For streamlined deployment, use Docker. Run predefined configurations or specify custom ones.

Default Run:

docker run -it \
    -v <LOCAL_RESULTS_PATH>:/app/results \
    pmallozzi/tensor-dynamics:latest

Specific Configuration:

docker run -it \
    -v <LOCAL_RESULTS_PATH>:/app/results \
    pmallozzi/tensor-dynamics:latest CONFIGS='E'

Multiple Configurations:

docker run -it \
    -v <LOCAL_RESULTS_PATH>:/app/results \
    -v <LOCAL_CONFIG_PATH>:/app/config \
    pmallozzi/tensor-dynamics:latest CONFIGS='E A'

Modules and Features

`deepnn` - Deep Neural Network Module

This module contains the core functionalities for constructing and managing neural networks.

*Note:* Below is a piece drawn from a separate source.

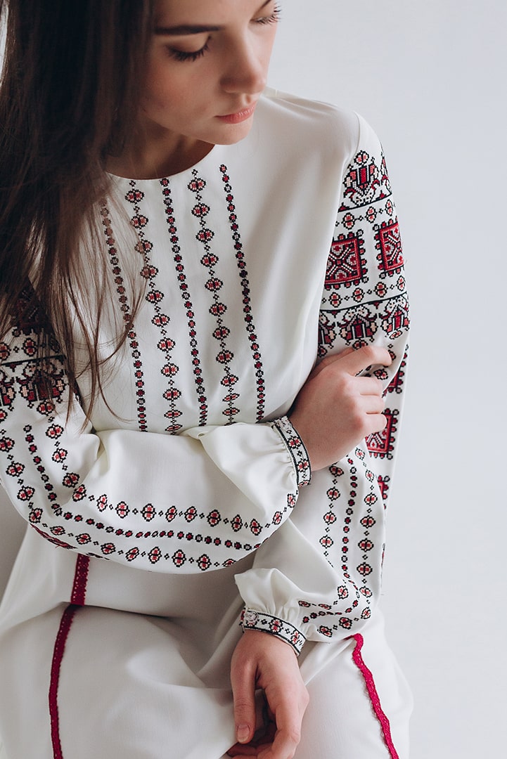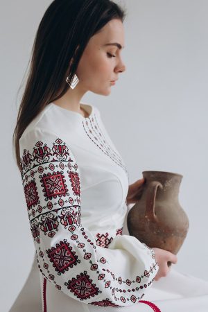 Сукня Античність оздоблна розкішною вишивкою “Квадрат”. Такий вибір орнаменту є невипадковим, адже квадрат в українській традиції є одним із символів землі. Оскільки українці з давніх-давен є хліборобами, тож не дивно, що саме квадрат, з його важливим для слов’ян “земним” значенням є таким поширеним у вишивці.

Key components include:

NeuralNetwork Class: Handles the creation, training, and evaluation of neural network models.
Metrics: Implements custom metrics, like R_squared, for model evaluation.
Callbacks: Provides custom callbacks like CustomSaveCallback for advanced training control.

`dataset` - Dataset Generation and Management

Manages data handling, including generation, preprocessing, and statistics calculation. It features:

Dataset Generators: Create and manipulate datasets for training and evaluation.
Statistics Generator: Calculates and maintains running statistics for datasets, aiding in insightful data analysis.

`shared` - Shared Resources and Utilities

Includes shared paths and utility functions used across the project. It centralizes common resources for better maintainability.

`config` - Configuration Management

Allows configuring neural network architectures, training parameters, and dataset characteristics through TOML files, providing a highly flexible and user-friendly interface.

Configuration Files

The configurations.toml and data.toml files are central to the flexibility and user-friendliness of this project. They allow users to define and modify the neural network architecture, dataset parameters, and training settings without altering the codebase.

`configurations.toml` Overview

The configurations.toml file is a central piece in customizing the neural network models within this framework. It allows users to define various aspects of neural networks, such as their architecture, compilation, and training parameters. This file supports the creation of multiple distinct configurations, each tailored to specific requirements or experimental setups.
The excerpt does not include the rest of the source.